> **What to work on**: Every line from the one with "Add a single-select" up to and including the one with "Commercial Bank of" is to be output exactly as it appears below; pictures are not.

> **Data for analysis**:
++++

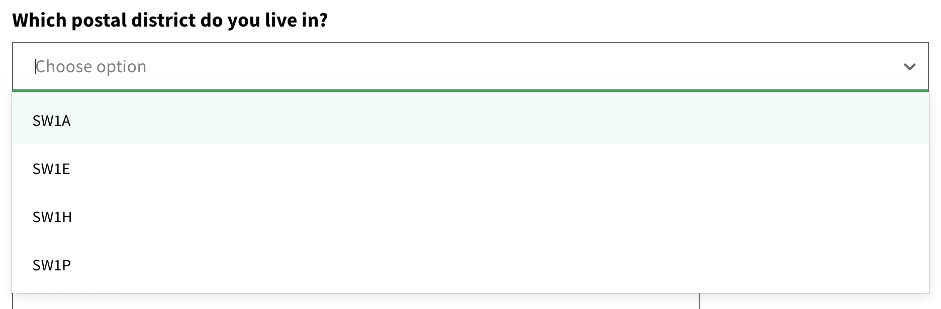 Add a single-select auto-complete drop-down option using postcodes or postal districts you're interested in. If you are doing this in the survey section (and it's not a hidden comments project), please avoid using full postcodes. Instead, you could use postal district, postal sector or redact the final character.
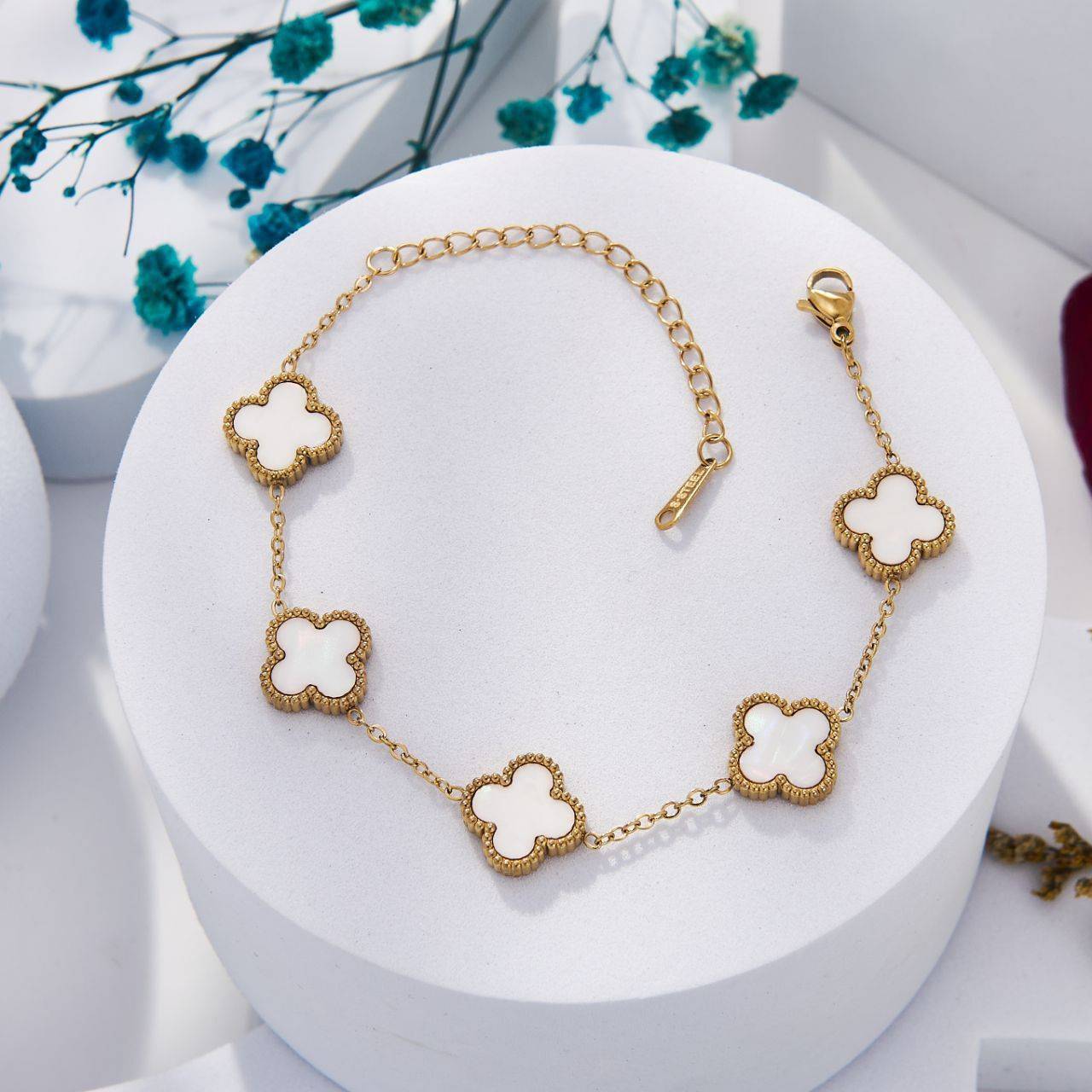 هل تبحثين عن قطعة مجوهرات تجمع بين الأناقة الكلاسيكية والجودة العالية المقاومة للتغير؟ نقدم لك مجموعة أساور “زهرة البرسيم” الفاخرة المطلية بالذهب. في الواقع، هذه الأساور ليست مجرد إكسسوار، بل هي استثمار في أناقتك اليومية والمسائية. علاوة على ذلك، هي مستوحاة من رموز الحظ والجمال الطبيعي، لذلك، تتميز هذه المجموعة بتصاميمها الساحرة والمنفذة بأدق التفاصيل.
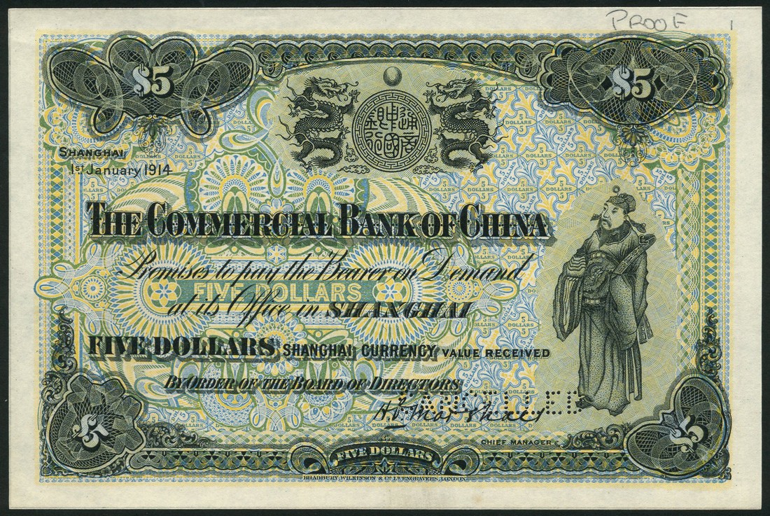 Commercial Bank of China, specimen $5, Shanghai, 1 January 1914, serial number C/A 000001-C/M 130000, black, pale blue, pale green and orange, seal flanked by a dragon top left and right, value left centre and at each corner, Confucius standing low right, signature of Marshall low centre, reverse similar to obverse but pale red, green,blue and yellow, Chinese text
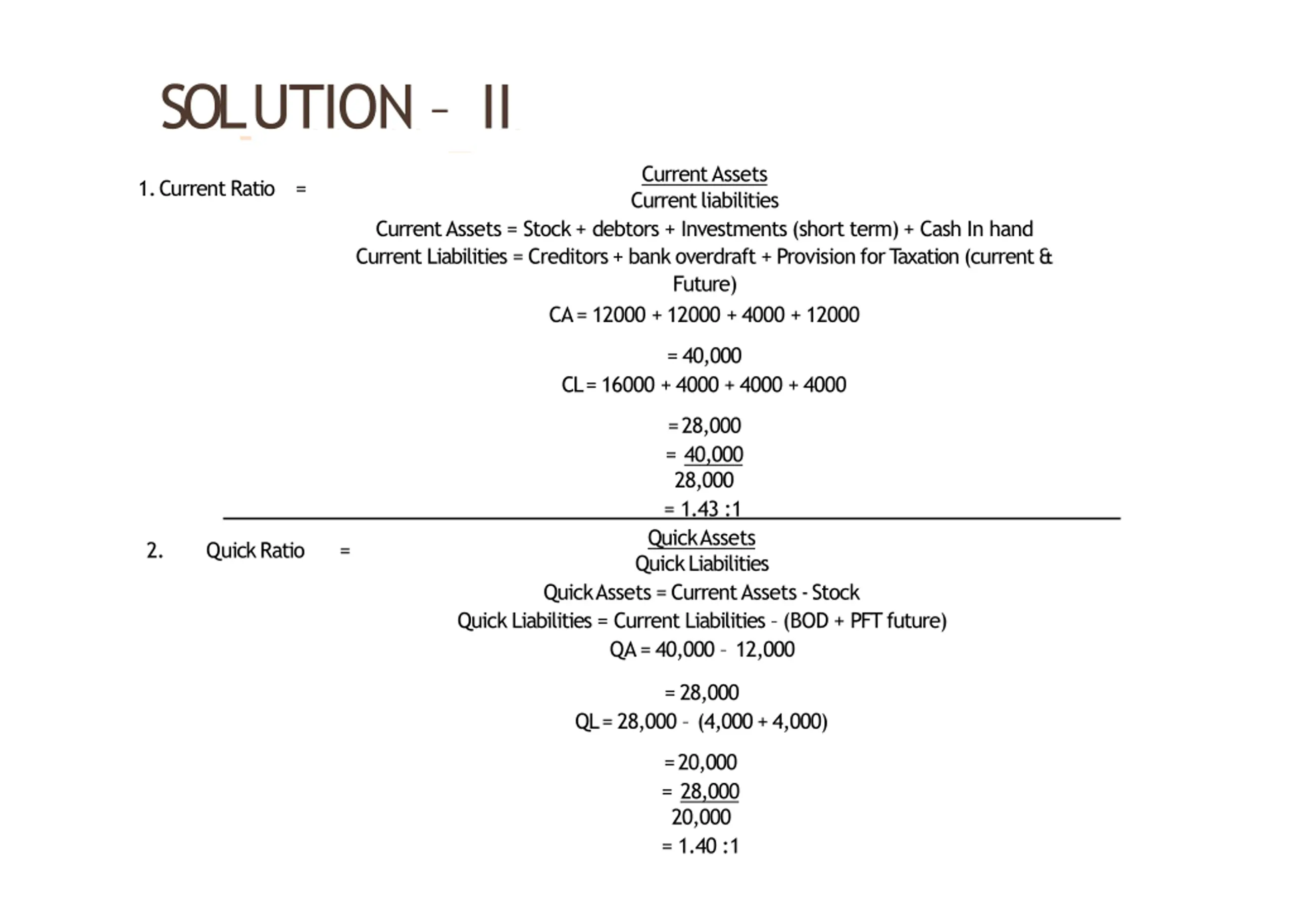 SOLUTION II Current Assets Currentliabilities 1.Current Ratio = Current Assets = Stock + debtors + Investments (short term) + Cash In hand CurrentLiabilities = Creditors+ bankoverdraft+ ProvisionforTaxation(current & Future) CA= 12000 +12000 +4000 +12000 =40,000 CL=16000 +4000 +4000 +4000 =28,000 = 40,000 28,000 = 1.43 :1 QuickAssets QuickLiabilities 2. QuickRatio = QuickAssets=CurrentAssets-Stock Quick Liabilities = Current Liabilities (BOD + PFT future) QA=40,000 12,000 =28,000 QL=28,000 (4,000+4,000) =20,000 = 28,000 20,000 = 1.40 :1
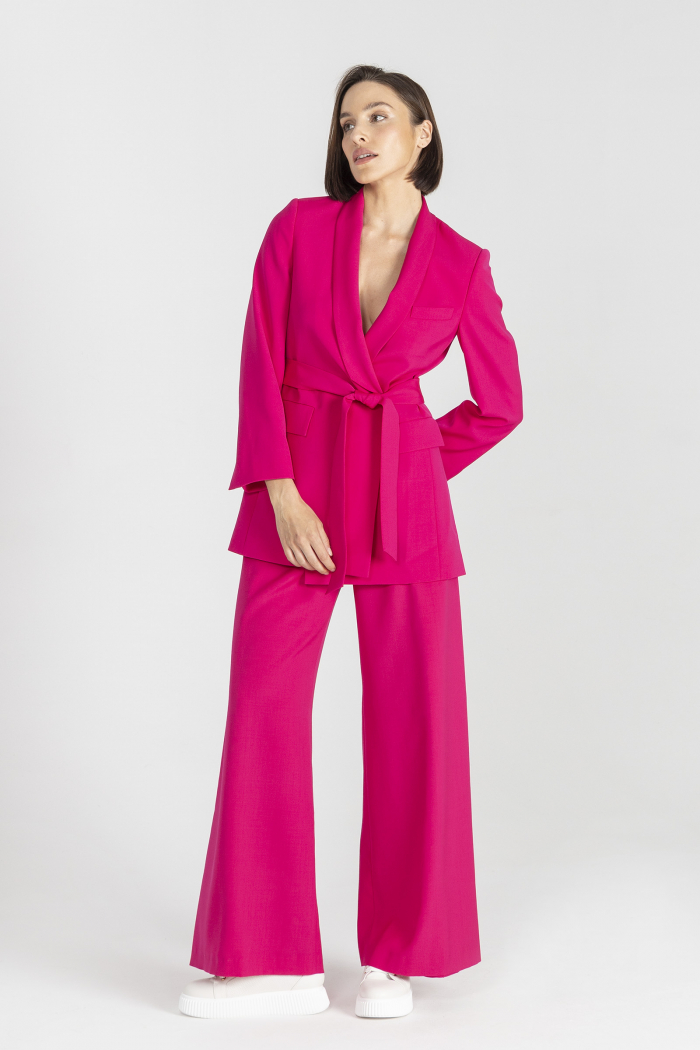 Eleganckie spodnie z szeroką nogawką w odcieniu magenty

++++

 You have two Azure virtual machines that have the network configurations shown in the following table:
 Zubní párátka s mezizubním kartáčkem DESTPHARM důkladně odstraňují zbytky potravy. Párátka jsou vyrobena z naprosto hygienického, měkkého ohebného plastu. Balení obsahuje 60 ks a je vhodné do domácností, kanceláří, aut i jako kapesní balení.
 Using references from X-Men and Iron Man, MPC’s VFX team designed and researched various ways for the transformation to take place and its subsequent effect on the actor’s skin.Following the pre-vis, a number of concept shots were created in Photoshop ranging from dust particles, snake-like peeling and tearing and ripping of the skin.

++++

> **Written response**:
 Add a single-select auto-complete drop-down option using postcodes or postal districts you're interested in. If you are doing this in the survey section (and it's not a hidden comments project), please avoid using full postcodes. Instead, you could use postal district, postal sector or redact the final character.
 هل تبحثين عن قطعة مجوهرات تجمع بين الأناقة الكلاسيكية والجودة العالية المقاومة للتغير؟ نقدم لك مجموعة أساور “زهرة البرسيم” الفاخرة المطلية بالذهب. في الواقع، هذه الأساور ليست مجرد إكسسوار، بل هي استثمار في أناقتك اليومية والمسائية. علاوة على ذلك، هي مستوحاة من رموز الحظ والجمال الطبيعي، لذلك، تتميز هذه المجموعة بتصاميمها الساحرة والمنفذة بأدق التفاصيل.
 Commercial Bank of China, specimen $5, Shanghai, 1 January 1914, serial number C/A 000001-C/M 130000, black, pale blue, pale green and orange, seal flanked by a dragon top left and right, value left centre and at each corner, Confucius standing low right, signature of Marshall low centre, reverse similar to obverse but pale red, green,blue and yellow, Chinese text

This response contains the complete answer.